When Mary was seventeen but passing herself off as twenty-five or twenty-six, turning from the sidewalk and pushing the heavy wrought-iron gate that led to the front door of a house like the Warrens had rented in Oyster Bay, or the Bowens had on Park Avenue, would have made her body a hard knot of dread. It was worse when the woman of the house was young, newly married, maybe only eighteen or twenty herself. Girls of twenty know by instinct who is at least their own age and who is younger, and Mary would compensate by marching into the kitchen with authority, maybe even a little disdain. She’d thicken her accent like a gravy on the stove and hope that would explain to them why she seemed so young. A cultural difference, Mary could see the young mistress thinking. This is the way Irish are, I suppose. Once, when she arrived to cook for the Hill family on Riverside Drive, the mistress had taken one look at her and told her outright that she didn’t believe Mary’s age or experience. Mary had just turned eighteen, and had slowly been getting jobs the agency didn’t know about. Aunt Kate would hear about something from a friend, or Mary would answer an ad in the newspaper. In addition to a home so large that it could have housed a dozen families, the Hills had three carriages, six horses, and a pair of Shetland ponies for the children, who were not yet old enough to ride them. Mrs. Hill told Mary to be on her way.

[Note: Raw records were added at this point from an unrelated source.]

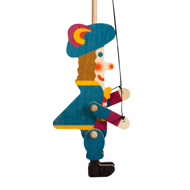 Jsem dřevěná loutka v nápaditém podání. Jsem konstruován velmi jednoduše – štíhlé tělo, tyč na držení a ovládání, ruce na dvou provázkách a pohyblivé nožičky. Díky lehkému ovládání se mnou dokážou hrát nejkrásnější pohádky i ty nejmenší děti.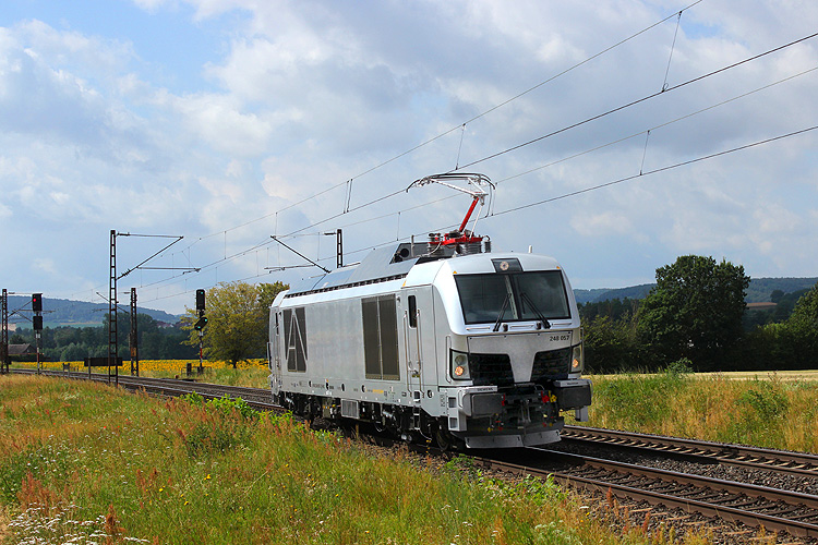Solo fahrend folgte die nagelneue RHC 248 057 auf Auslieferungsfahrt. |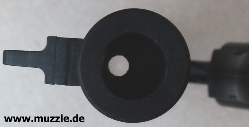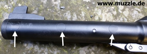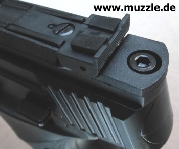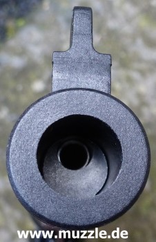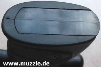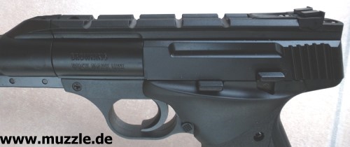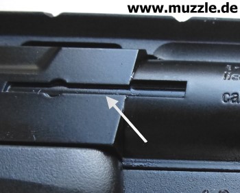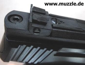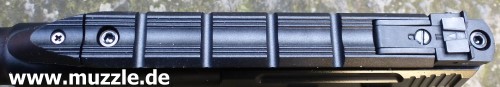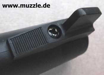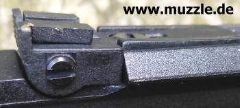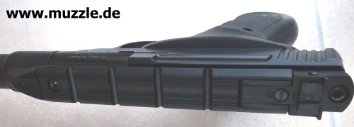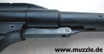 Wer eine optische Zielhilfe montieren möchten hat dazu Gelegenheit, denn auf dem System sitzt eine Montage-Rail (Kunststoffschiene) mit Weaver-Profil (Fotos unten).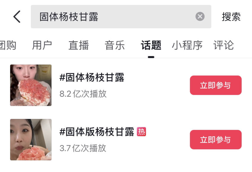 据小红书数据显示,#固体杨枝甘露单一话题讨论量达45.9万,浏览量近9000万;在微博,“奶皮子火完固体杨枝甘露火”“固体杨枝甘露走红卖到40元1份”等多个词条冲上热搜;而在抖音平台,固体杨枝甘露关联话题的播放量更是累计超10亿次。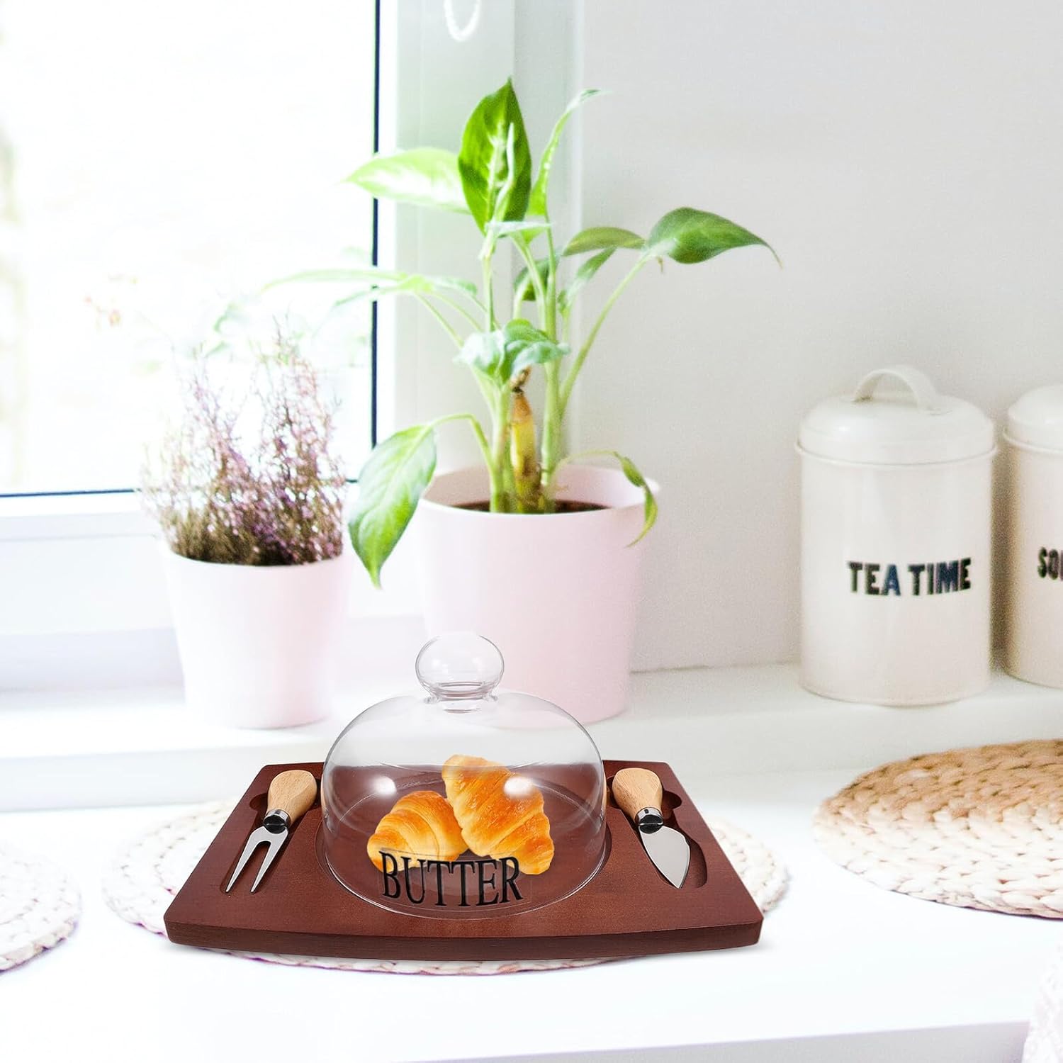 Package List 1 x wood tray*with dome) 1 x cutter 1 x fork Characteristics -Product Info:Butter box storage tank -Size:28.50X19.50X1.30cm/11.20X7.66X0.51in -Material:Wood, glass -Color:Multi - Simple cutting design, very practical in use, which brings great convenience to you wood butter holder. - Mainly made of the stable wood, glass materials, Butter Dish is and practical enough to use. - The simple appearance makes it an excellent addition to your kitchen, refined and functional butter holder tray. - The butter holder is suitable for restaurants, dessert shops, kitchens, for your own use, or as a to a friend butter holder with lid. - Easy to clean and can be washed in the dishwasher. Butter Dish is perfect for serving at the table butter containers.Goods Informationbutter containers It features a unique design that keeps food fresh and can be used to cut other foods as well.butter dishes with lids Perfect for home and travel use, it makes cutting butter and cheese a breeze.butter container with cover This small-sized butter and cheese box is made of and easy-to-clean material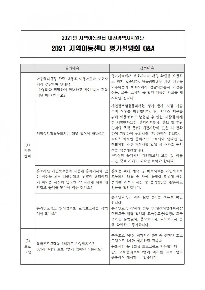 지역아동센터 평가설명회 Q&A
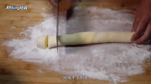 3取出面团放在案板上揉匀,分成十个剂子,整理成圆形。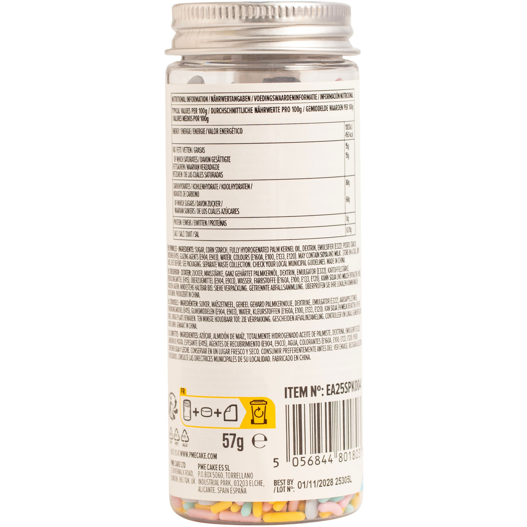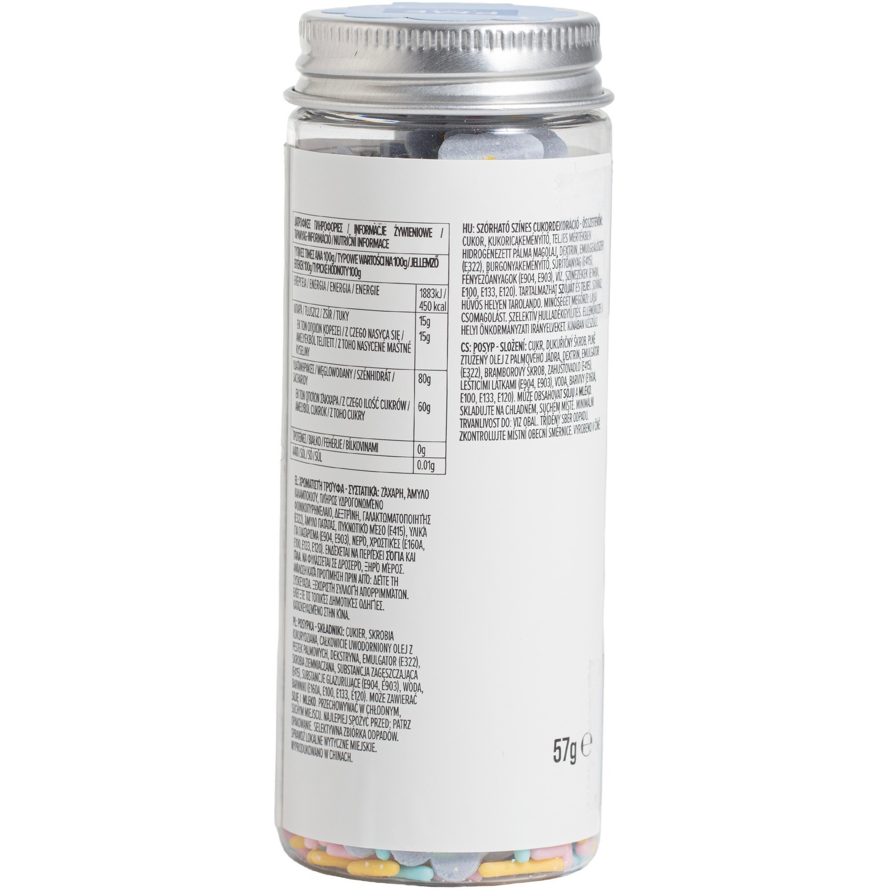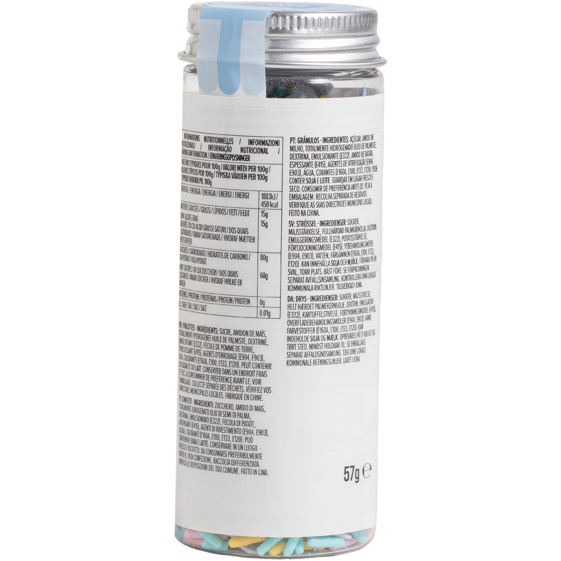Zutaten: Zucker, Maisstärke, vollständig gehärtetes Palmkernöl, Dextrin, Emulgator (E322), Kartoffelstärke, Verdickungsmittel (E415), Überzugsmittel (E904, E903), Wasser, Farbstoffe (E160A, E100, E133, E120).

“I only look young,” Mary insisted, feeling as she said it exactly what she was: a skinny child who hadn’t eaten a proper meal since her last employment. “You’ll get no one else out here today. I might as well make dinner before I go.”

Mrs. Hill hesitated. “I am hungry,” she admitted, and patted her considerable belly. “Only porridge this morning.”

After showing Mary to the kitchen, Mrs. Hill left her alone to create something wonderful out of the bland bits and pieces that had been left behind by the previous cook and the pale chicken carcass the porter had been sent out to fetch that morning. Mary found flour, butter, eggs, raisins, rosemary, three old apples she knocked on and then tested for juice with her front teeth. An hour later she brought Mr. and Mrs. Hill, along with their two children, plates of walnut and raisin chicken salad, with fresh bread and baked apples on the side. She stayed at the Hills’ until her true age was exposed by a porter who’d overlapped with her at a job in Brooklyn Heights. For the next few months Mary had to go back to washing and ironing, giving her the feeling that life was just one long, narrow road, with no turns, no peaks or valleys.